【地獄楽】✼••極楽へ至らぬ者たち••✼【R指定】
第7章 ✼••┈••✼外来の番✼••┈••✼
「…ん…蘭。」
孤蘭が蘭の名前を呼ぶと、呼ばれた蘭はすぐに孤蘭を抱き上げた。
……蘭がこんな風に他の天仙から孤蘭を奪うのは珍しい。
彼の腕の中に抱かれながら、孤蘭はやはり蘭もまたおかしいと思った。
「…蘭、どうせなら一緒に…。」
そう牡丹が言いかけて、蘭は牡丹を一瞥する。
「…私は君たちのように、孤蘭を共有して楽しむ趣味はありません。
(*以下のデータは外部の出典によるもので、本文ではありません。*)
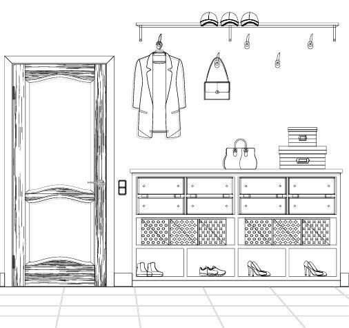 Слоган «Показать все, что скрыто» в прихожей совсем не работает – здесь скорее нужно внедрить правило: скрыть все, что еще не скрыто. Чтобы лишние предметы не раздражали вас и то, что хочется спрятать, не оказалось на виду у гостей, организуйте продуманные системы хранения. Если пространство позволяет, для верхней одежды стоит сделать «невидимый» шкаф, который маскируется под стену.

」
頑なな蘭の態度に、牡丹は肩をすくめて、孤蘭を連れて行く蘭を見送った。
「…蘭、私自分で歩けるよ。」
「…私が孤蘭に触れていたいんです。」
結局ずっと蘭に抱き上げられたまま、導引宮まで辿りついた。
孤蘭を連れて行った場所は、鍛錬場ではなく…。
蘭の房中だった。
蘭は大切なモノを扱うように、孤蘭を慎重に寝台に下ろした。
「…蘭…。」
そう呟く小さな唇を、蘭は再び塞いだ。
ちゅっちゅっと口付けを繰り返しながら、蘭は孤蘭の服を剥いでいく。
細い体の線が現れると、蘭は惜しみなくその体に唇を押し付けた。